Koray Can Yanaşık is a Turkish actor based in London. He studied drama in the Haliç University of Istanbul. He has worked in plenty of successful stage productions in Turkey, such as What Do You Say (2019), Helikon (2018), Narnia Chronicles (2018), Witches (2015), Hamlet Machine (2014), as well as the film Bembeyaz (‘Pure White’, 2021) written and directed by Necip Çağhan Özdemir, which got an award from the Antalya Golden Orange Film Festival. He also took part in the comedy series Afili Aşk (2020). In London, he is currently continuing his research focusing on physical and musical theatre.

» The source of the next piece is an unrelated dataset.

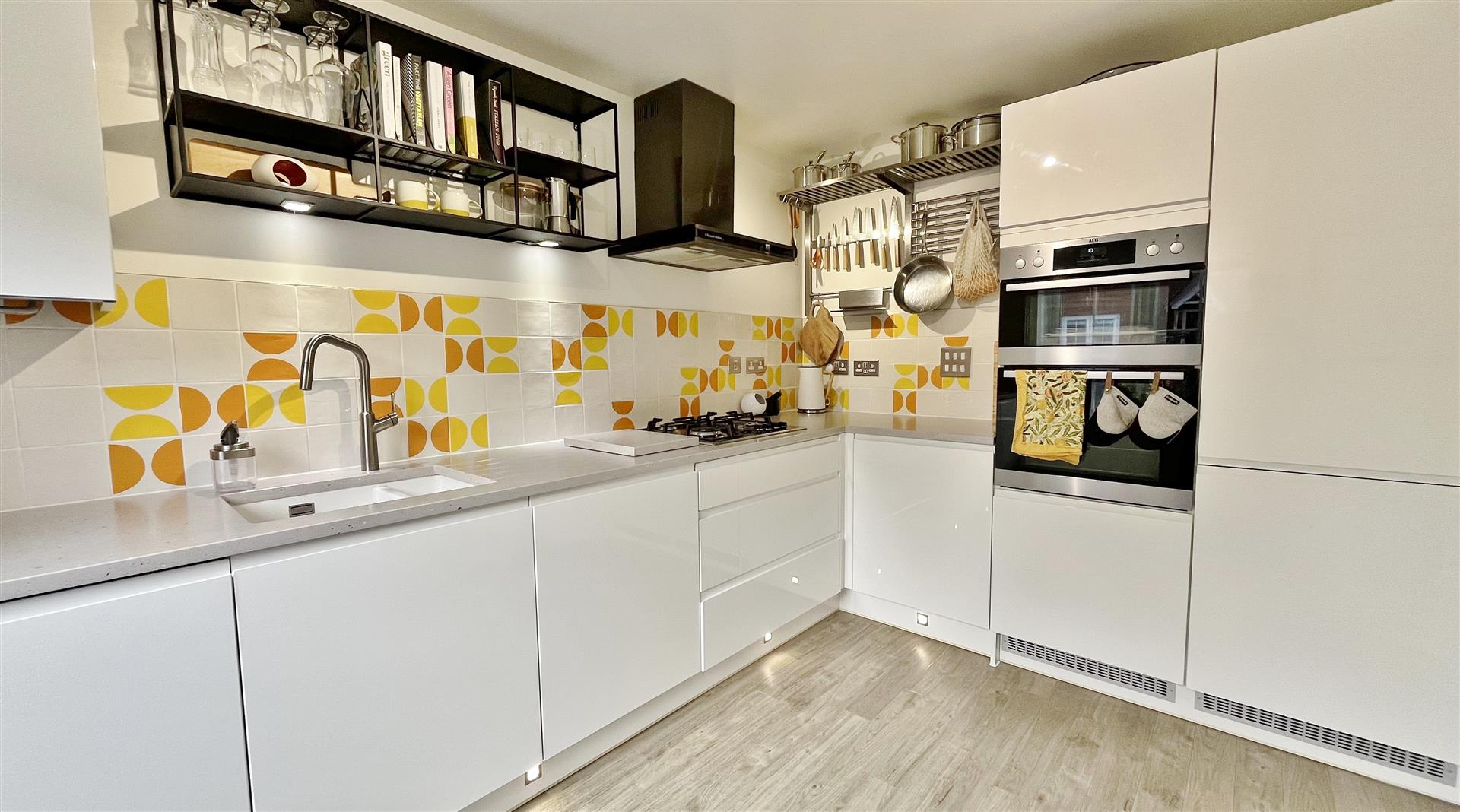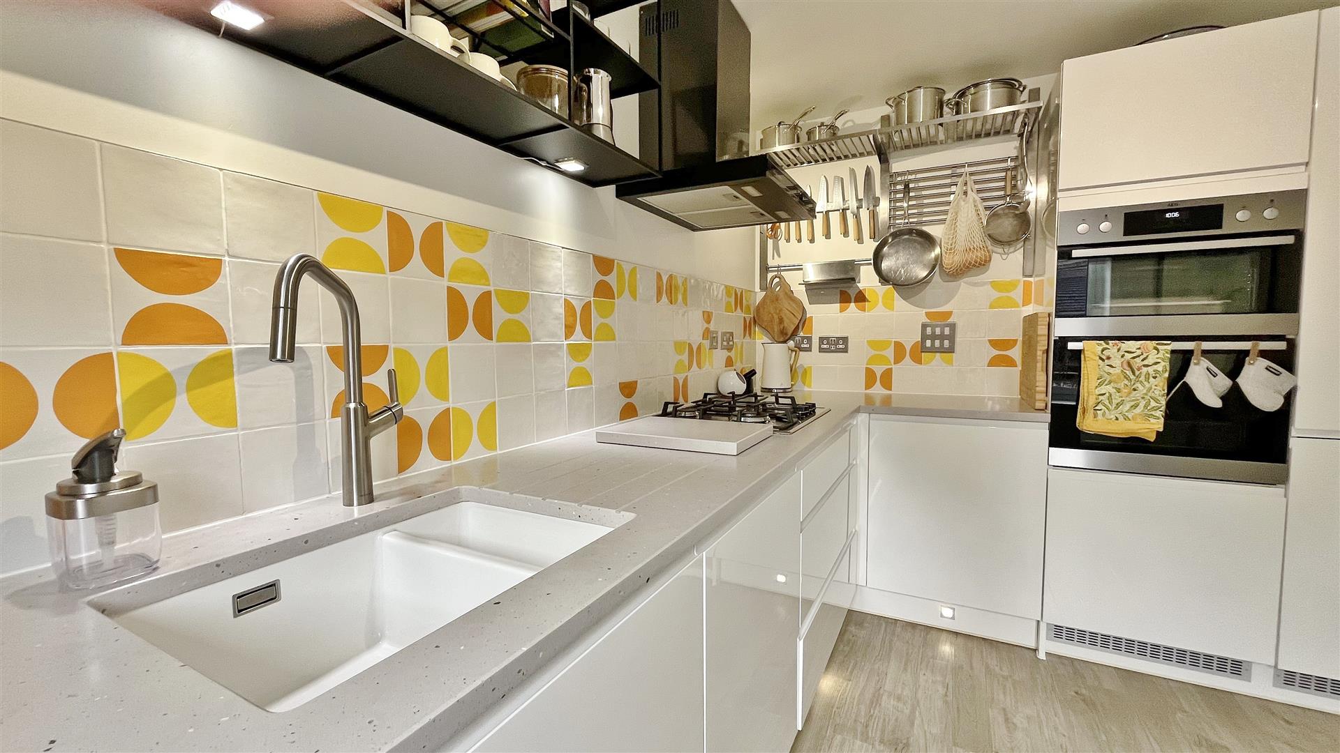 Fitted in a range of high gloss matching fronted units. Pencil edge Silestone engineered quartz worktop with drainer grooves. Inset ceramic one and a half sink bowl. Inset four ring gas hob with extractor fan above. Built in eye level electric grill and oven. Further range of matching fronted units both eye and floor level. Integrated fridge/freezer, washing machine and dishwasher. Cupboard housing combination boiler providing hot water and heating throughout. Tiled splash back. Amtico flooring. Sealed unit double glazed window to front.

Pieter Verstraete is a theater scholar, cultural activist and critic based in Berlin. He received his PhD from the University of Amsterdam in 2009. He has worked at the Universities of Exeter, Amsterdam, Nijmegen and various Turkish universities. He is currently a tenured Assistant Professor in Arts, Culture and Media at the University of Groningen and a Marie Skłodowska-Curie Research Fellow at the Theatre Studies Institute of the Free University of Berlin. He is managing editor of the European Journal of Theatre and Performance (EJTP) and he advises the Dutch Council for Arts in the opera committee. Co-editor of Inside Knowledge: (Un)doing Ways of Knowing in the Humanities (CSP 2009), Cathy Berberian: Pioneer of Contemporary Vocality (Ashgate/Routledge 2014), and Theatre, Performance and Commemoration: Staging Crisis, Memory and Nationhood (Bloomsbury/Methuen Drama 2023), as well as the fourth special Essays section on ‘Activism and Spectatorship’ of EJTP.